▸ **What you need to do**:
Your answer should give again, exactly, the lines from the beginning of the entries below through the line containing "Класичний сніданок –". It must contain no pictures.

Items listed in a dataset

····················

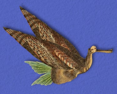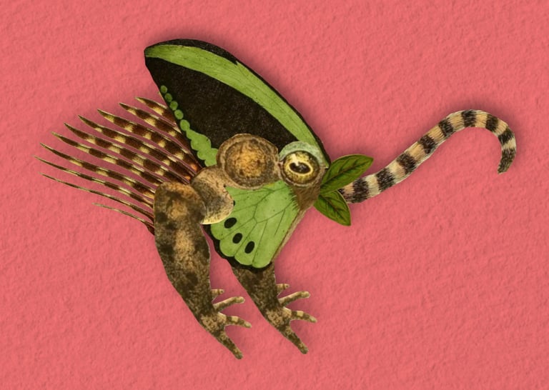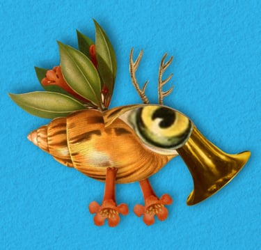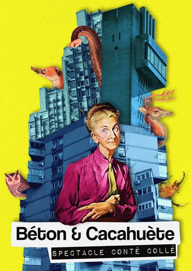 La conteuse Lisa Audoin tisse une toile faite de paysages sonores paisibles et de prose captivante tandis que l’illustrateur Harry Hadler découpe photos et gravures, et les colle ensemble pour créer des animaux fantastiques et des décors surréalistes, le tout racontant l’histoire de Cacahuète.
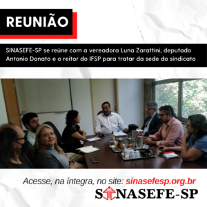 Na terça-feira, 02 de maio, o SINASEFE-SP, representado pelos seus coordenadores estaduais, Maíra Martins, Márcio Alves e Rogério de Souza, se reuniu com a vereadora Luna Zarattini (PT), o deputado estadual Antonio Donato (PT) e o reitor...
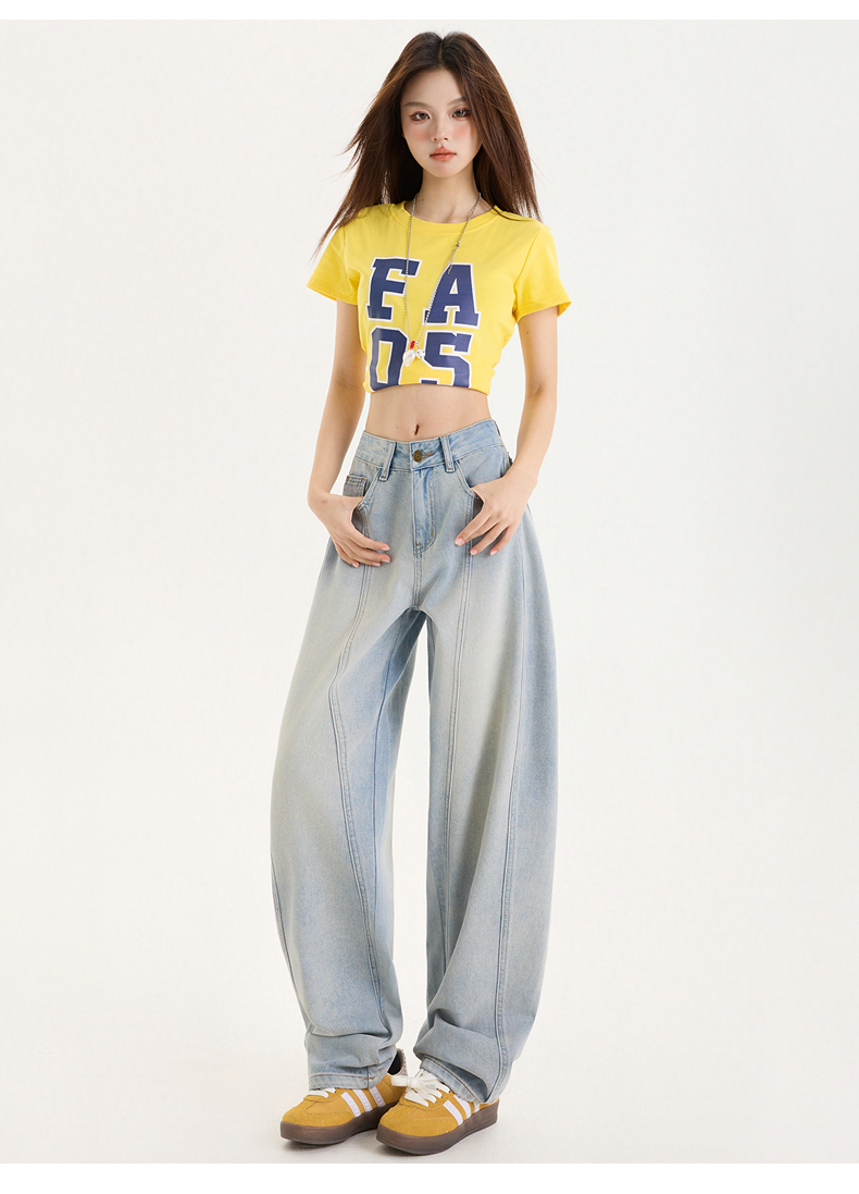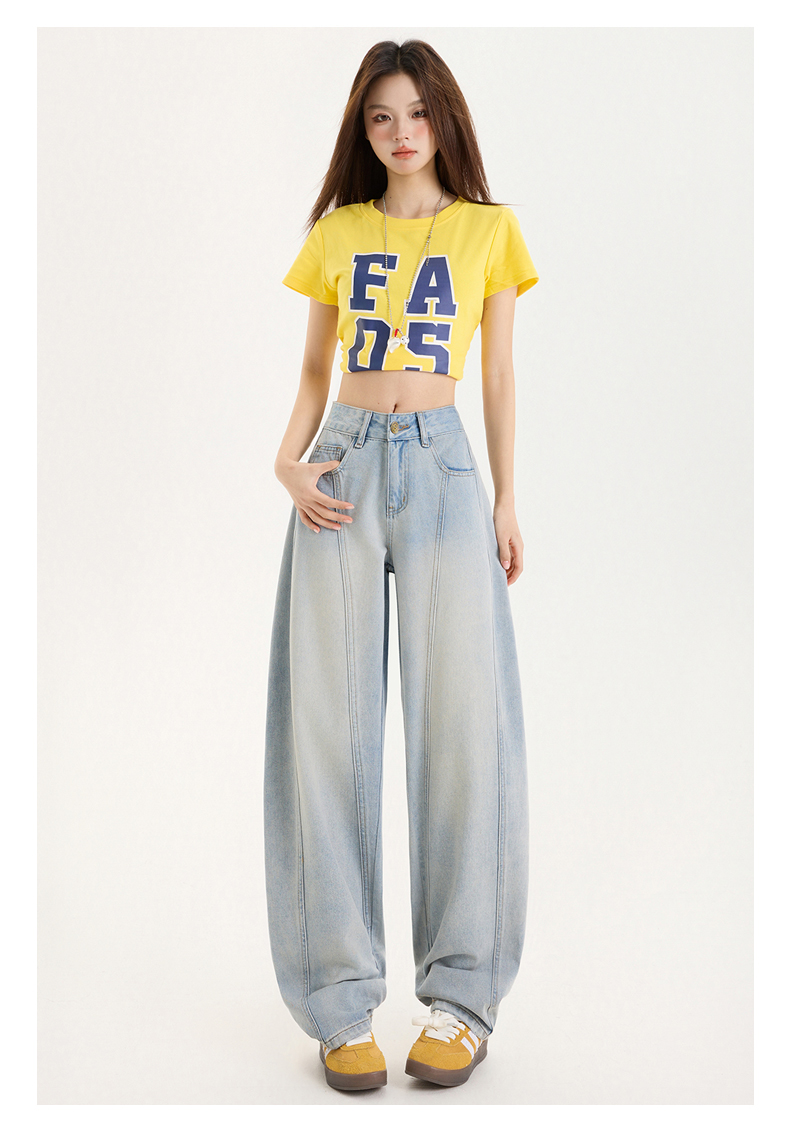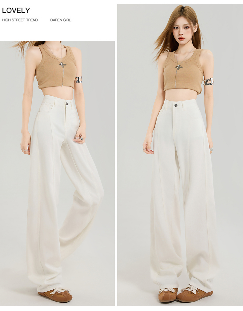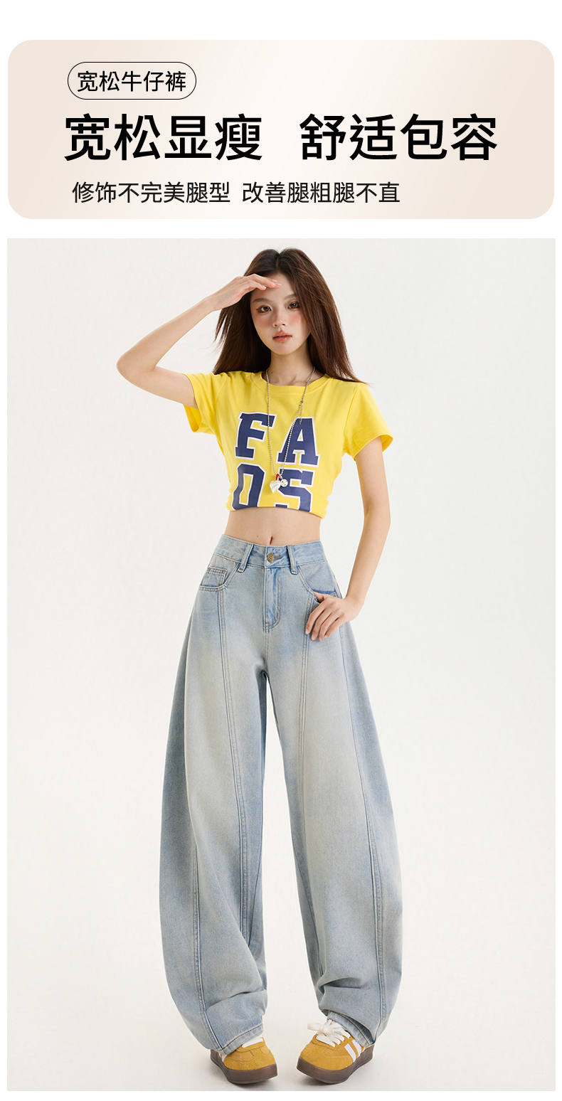 2025년 인기 판매 상품, 미국 스타일 블루 컬러, 옆솔기 하이웨이스트 디자인, 루즈핏, 슬림핏, 활용도 높은 여성용 플로어 길이 패션 진
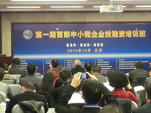 2013年12月12日-13日,中国西部开发促进会在北京举办了“第一期西部中小微企业投融资培训班”。 培训班会场 此次培训班以工信部、中国社科院、中国浦东干部学院、中国银监会及云南、甘肃、贵州金融办为指导单位,云南泛亚小微金融研究院、日信证券有限
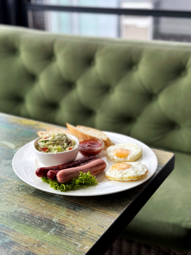 Класичний сніданок – це збалансована та ситна страва, яка забезпечує енергією на весь день. Ніжна яєчня з двох яєць приготована до ідеальної консистенції, супроводжується двома ароматними мисливськими сосисками та однією молочною сосискою, що додають насиченого смаку. Салат з капусти приносить свіжість та легкість, а хлібні тости додають хрусткої текстури. Цей сніданок ідеально підходить для тих, хто цінує традиційні смаки та ситний початок дня.
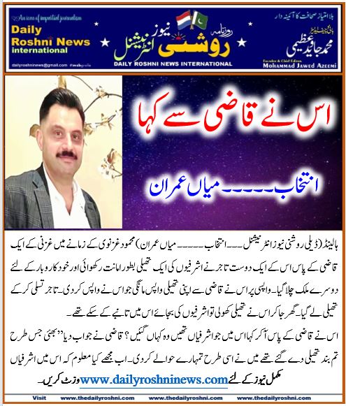 ہالینڈ(ڈیلی روشنی نیوز انٹرنیشنل ۔۔۔ انتخاب ۔۔۔۔۔ میاں عمران)محمود غزنوی کے زمانے میں غزنی کے ایک قاضی کے پاس اس کے ایک دوست تاجر نے اشرفیوں کی ایک تھیلی بطور امانت رکھوائی اور خود کاروبار کے لئے دوسرے ملک چلا گیا۔ واپسی پر اس نے قاضی سے اپنی تھیلی واپس مانگی جو اس نے واپس کردی۔ تاجر تسلی کرکے تھیلی لے گیا۔ گھر جا کر اس نے تھیلی کھولی تو اشرفیوں کی بجائے اس میں تانبے کے سکے تھے۔

····················

▸ **Answer space**:
 La conteuse Lisa Audoin tisse une toile faite de paysages sonores paisibles et de prose captivante tandis que l’illustrateur Harry Hadler découpe photos et gravures, et les colle ensemble pour créer des animaux fantastiques et des décors surréalistes, le tout racontant l’histoire de Cacahuète.
 Na terça-feira, 02 de maio, o SINASEFE-SP, representado pelos seus coordenadores estaduais, Maíra Martins, Márcio Alves e Rogério de Souza, se reuniu com a vereadora Luna Zarattini (PT), o deputado estadual Antonio Donato (PT) e o reitor...
 2025년 인기 판매 상품, 미국 스타일 블루 컬러, 옆솔기 하이웨이스트 디자인, 루즈핏, 슬림핏, 활용도 높은 여성용 플로어 길이 패션 진
 2013年12月12日-13日,中国西部开发促进会在北京举办了“第一期西部中小微企业投融资培训班”。 培训班会场 此次培训班以工信部、中国社科院、中国浦东干部学院、中国银监会及云南、甘肃、贵州金融办为指导单位,云南泛亚小微金融研究院、日信证券有限
 Класичний сніданок – це збалансована та ситна страва, яка забезпечує енергією на весь день. Ніжна яєчня з двох яєць приготована до ідеальної консистенції, супроводжується двома ароматними мисливськими сосисками та однією молочною сосискою, що додають насиченого смаку. Салат з капусти приносить свіжість та легкість, а хлібні тости додають хрусткої текстури. Цей сніданок ідеально підходить для тих, хто цінує традиційні смаки та ситний початок дня.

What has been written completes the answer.